▶ [Data segment]

::::::::

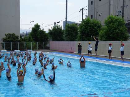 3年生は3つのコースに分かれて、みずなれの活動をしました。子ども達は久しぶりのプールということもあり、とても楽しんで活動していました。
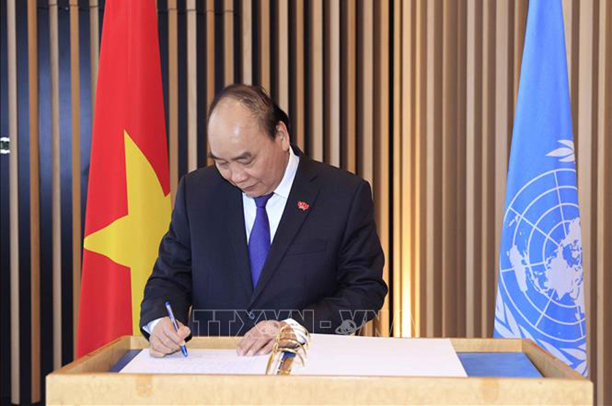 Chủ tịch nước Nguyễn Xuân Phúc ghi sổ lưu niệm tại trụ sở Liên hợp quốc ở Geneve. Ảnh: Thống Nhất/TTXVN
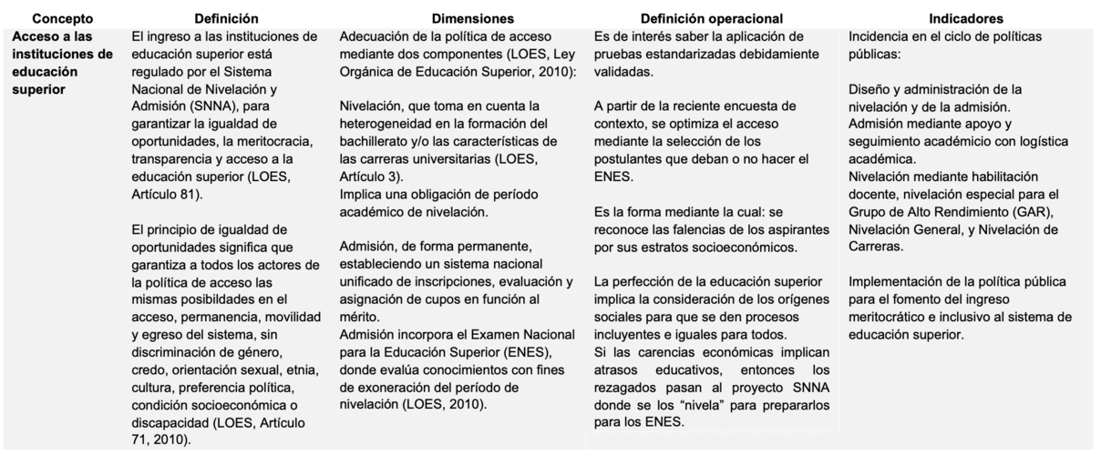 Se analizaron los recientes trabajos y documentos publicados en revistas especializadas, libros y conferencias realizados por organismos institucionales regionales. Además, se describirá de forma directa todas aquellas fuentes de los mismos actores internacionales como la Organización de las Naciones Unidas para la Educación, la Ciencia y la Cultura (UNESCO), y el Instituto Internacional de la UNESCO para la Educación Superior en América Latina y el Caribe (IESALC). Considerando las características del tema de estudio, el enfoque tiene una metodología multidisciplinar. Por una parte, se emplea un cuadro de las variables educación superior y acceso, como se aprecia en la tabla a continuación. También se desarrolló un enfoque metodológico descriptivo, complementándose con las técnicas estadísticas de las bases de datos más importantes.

::::::::

▶ [Task instructions] The answer is the lines above, word for word, from the first one through the one containing "Chủ tịch nước"; it includes no pictures.

▶ [Your response]
 3年生は3つのコースに分かれて、みずなれの活動をしました。子ども達は久しぶりのプールということもあり、とても楽しんで活動していました。
 Chủ tịch nước Nguyễn Xuân Phúc ghi sổ lưu niệm tại trụ sở Liên hợp quốc ở Geneve. Ảnh: Thống Nhất/TTXVN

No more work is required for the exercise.